Repeat the data word for word and skip the pictures.

------------------------------

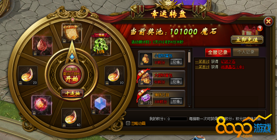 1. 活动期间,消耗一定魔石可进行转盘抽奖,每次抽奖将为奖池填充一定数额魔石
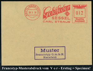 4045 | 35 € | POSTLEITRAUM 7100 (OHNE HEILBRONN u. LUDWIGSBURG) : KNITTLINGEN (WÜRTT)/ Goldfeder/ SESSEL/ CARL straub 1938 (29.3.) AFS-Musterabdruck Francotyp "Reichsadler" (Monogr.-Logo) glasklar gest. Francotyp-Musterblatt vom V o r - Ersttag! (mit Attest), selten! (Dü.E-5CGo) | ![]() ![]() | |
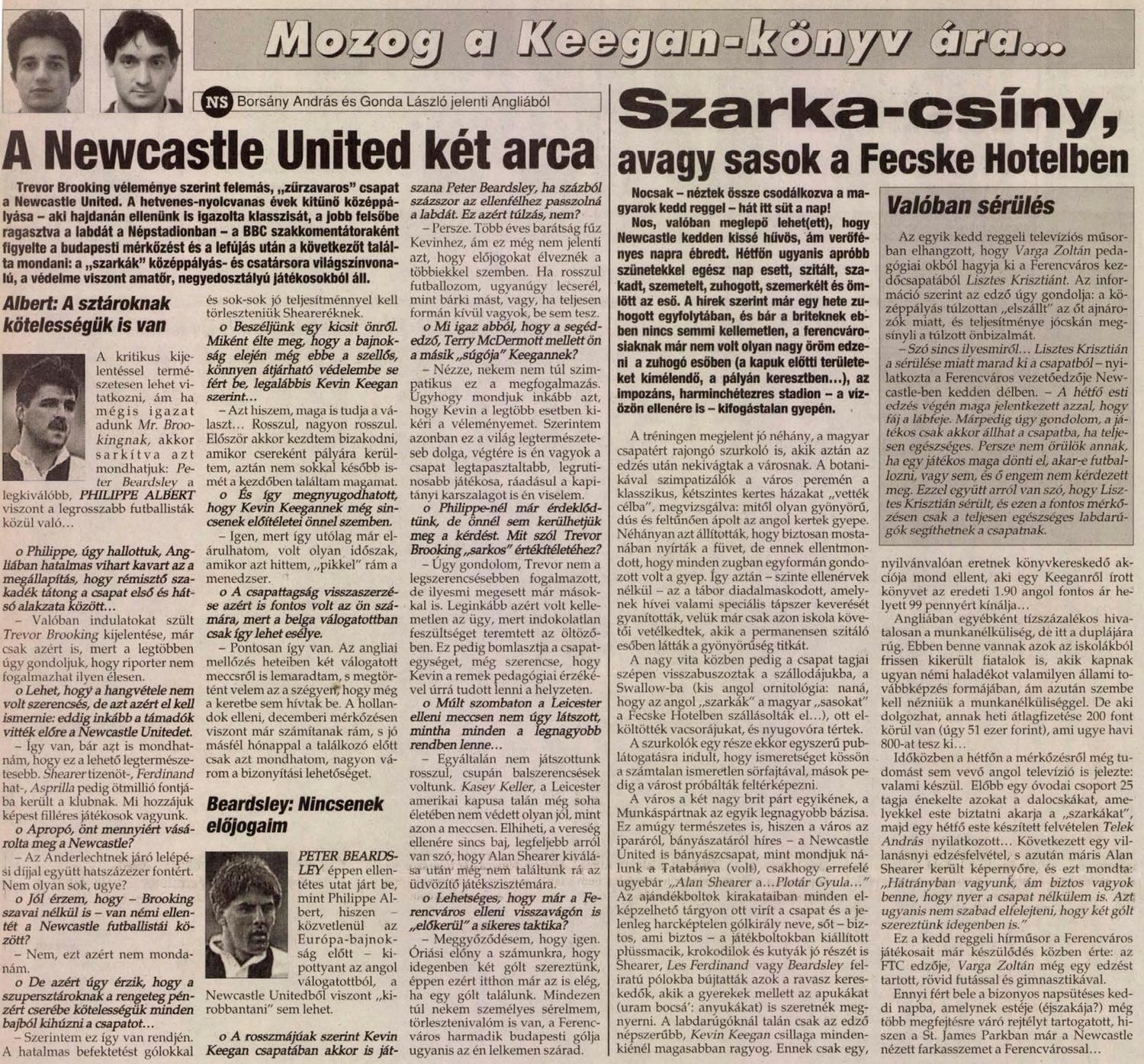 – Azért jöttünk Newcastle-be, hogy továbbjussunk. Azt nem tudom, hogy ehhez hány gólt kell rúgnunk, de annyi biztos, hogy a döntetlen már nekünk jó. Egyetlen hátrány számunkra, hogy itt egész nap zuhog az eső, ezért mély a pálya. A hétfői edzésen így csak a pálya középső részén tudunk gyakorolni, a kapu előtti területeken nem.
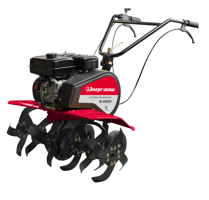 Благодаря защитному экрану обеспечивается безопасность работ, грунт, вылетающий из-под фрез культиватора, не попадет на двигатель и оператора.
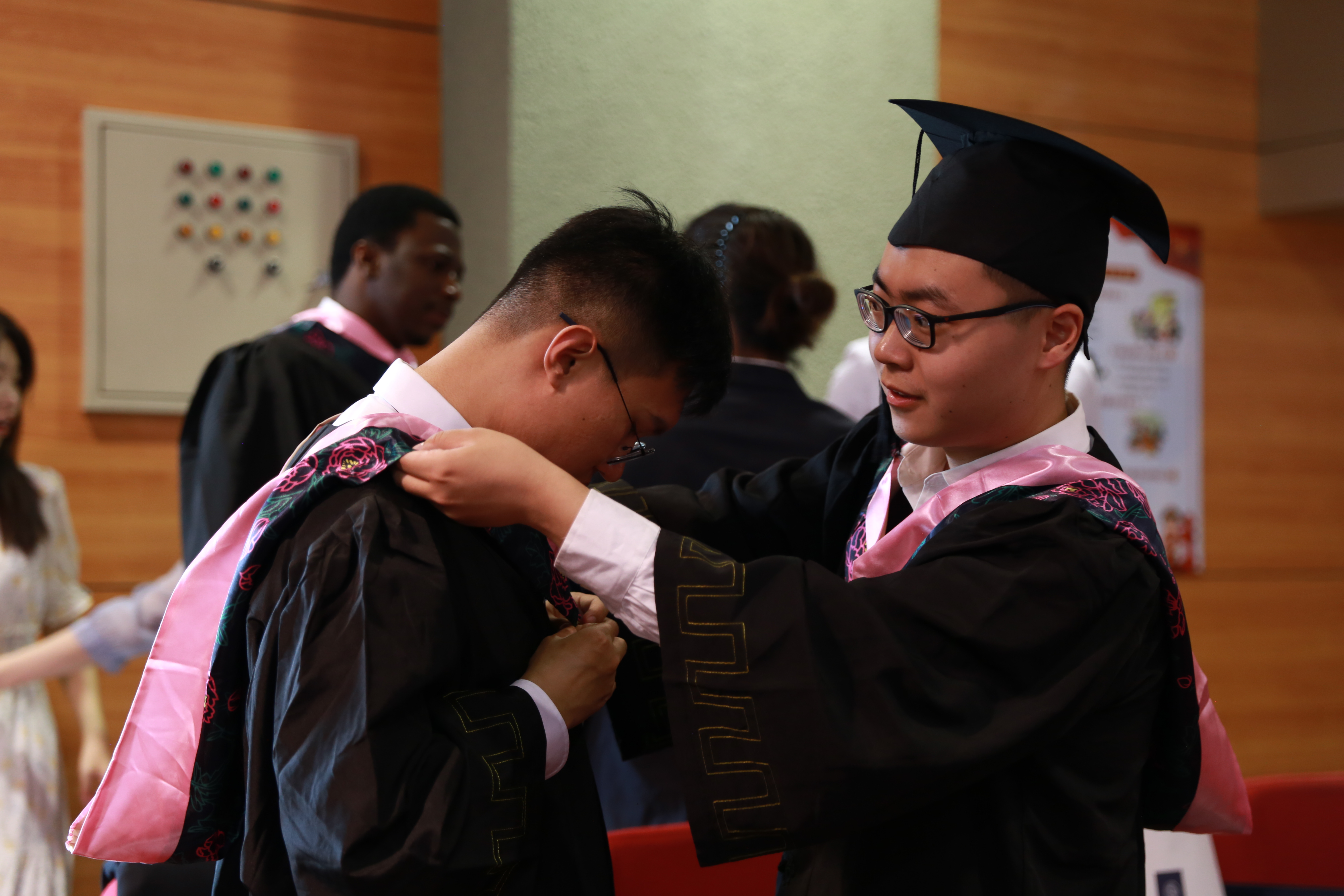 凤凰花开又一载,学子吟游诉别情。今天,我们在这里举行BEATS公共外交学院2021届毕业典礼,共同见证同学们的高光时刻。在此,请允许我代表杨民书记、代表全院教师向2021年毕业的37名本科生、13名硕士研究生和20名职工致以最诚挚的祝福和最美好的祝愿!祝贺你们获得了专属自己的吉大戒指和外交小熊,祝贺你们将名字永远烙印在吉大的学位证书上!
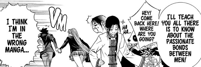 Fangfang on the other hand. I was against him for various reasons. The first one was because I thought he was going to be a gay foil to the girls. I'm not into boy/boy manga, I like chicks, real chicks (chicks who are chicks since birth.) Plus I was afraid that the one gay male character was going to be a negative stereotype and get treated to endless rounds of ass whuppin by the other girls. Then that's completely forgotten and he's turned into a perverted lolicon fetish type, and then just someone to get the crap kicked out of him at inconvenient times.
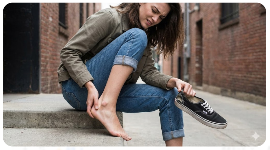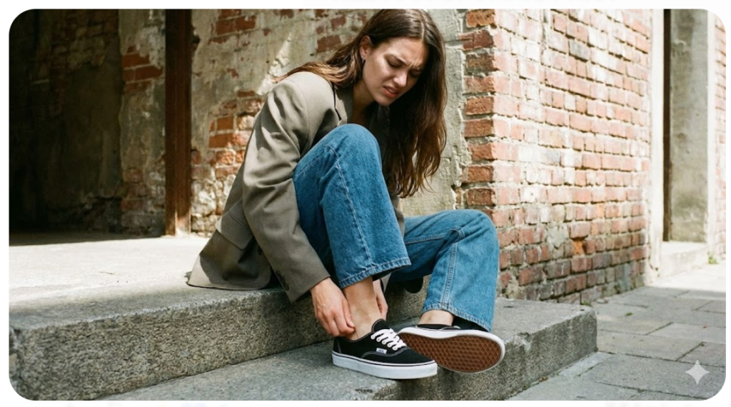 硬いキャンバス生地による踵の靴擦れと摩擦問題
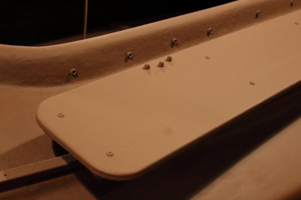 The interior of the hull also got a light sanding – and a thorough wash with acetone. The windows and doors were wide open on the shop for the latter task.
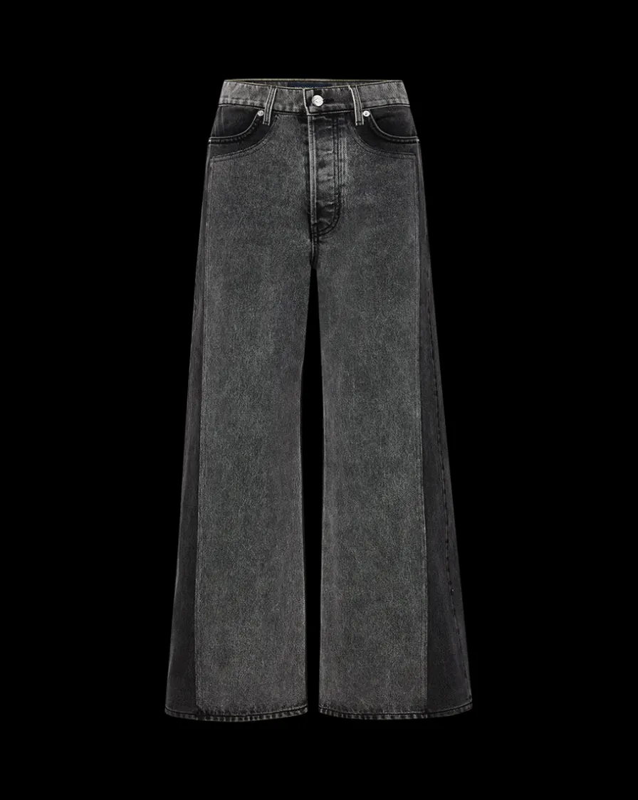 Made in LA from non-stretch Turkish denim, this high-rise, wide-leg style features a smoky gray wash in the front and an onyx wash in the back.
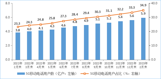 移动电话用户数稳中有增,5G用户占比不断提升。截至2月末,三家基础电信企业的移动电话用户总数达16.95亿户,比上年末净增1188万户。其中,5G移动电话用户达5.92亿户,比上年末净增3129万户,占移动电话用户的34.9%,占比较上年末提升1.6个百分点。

------------------------------

» Exercise solution:
 1. 活动期间,消耗一定魔石可进行转盘抽奖,每次抽奖将为奖池填充一定数额魔石
 4045 | 35 € | POSTLEITRAUM 7100 (OHNE HEILBRONN u. LUDWIGSBURG) : KNITTLINGEN (WÜRTT)/ Goldfeder/ SESSEL/ CARL straub 1938 (29.3.) AFS-Musterabdruck Francotyp "Reichsadler" (Monogr.-Logo) glasklar gest. Francotyp-Musterblatt vom V o r - Ersttag! (mit Attest), selten! (Dü.E-5CGo) | ![]() ![]() | |
 – Azért jöttünk Newcastle-be, hogy továbbjussunk. Azt nem tudom, hogy ehhez hány gólt kell rúgnunk, de annyi biztos, hogy a döntetlen már nekünk jó. Egyetlen hátrány számunkra, hogy itt egész nap zuhog az eső, ezért mély a pálya. A hétfői edzésen így csak a pálya középső részén tudunk gyakorolni, a kapu előtti területeken nem.
 Благодаря защитному экрану обеспечивается безопасность работ, грунт, вылетающий из-под фрез культиватора, не попадет на двигатель и оператора.
 凤凰花开又一载,学子吟游诉别情。今天,我们在这里举行BEATS公共外交学院2021届毕业典礼,共同见证同学们的高光时刻。在此,请允许我代表杨民书记、代表全院教师向2021年毕业的37名本科生、13名硕士研究生和20名职工致以最诚挚的祝福和最美好的祝愿!祝贺你们获得了专属自己的吉大戒指和外交小熊,祝贺你们将名字永远烙印在吉大的学位证书上!
 Fangfang on the other hand. I was against him for various reasons. The first one was because I thought he was going to be a gay foil to the girls. I'm not into boy/boy manga, I like chicks, real chicks (chicks who are chicks since birth.) Plus I was afraid that the one gay male character was going to be a negative stereotype and get treated to endless rounds of ass whuppin by the other girls. Then that's completely forgotten and he's turned into a perverted lolicon fetish type, and then just someone to get the crap kicked out of him at inconvenient times.
 硬いキャンバス生地による踵の靴擦れと摩擦問題
 The interior of the hull also got a light sanding – and a thorough wash with acetone. The windows and doors were wide open on the shop for the latter task.
 Made in LA from non-stretch Turkish denim, this high-rise, wide-leg style features a smoky gray wash in the front and an onyx wash in the back.
 移动电话用户数稳中有增,5G用户占比不断提升。截至2月末,三家基础电信企业的移动电话用户总数达16.95亿户,比上年末净增1188万户。其中,5G移动电话用户达5.92亿户,比上年末净增3129万户,占移动电话用户的34.9%,占比较上年末提升1.6个百分点。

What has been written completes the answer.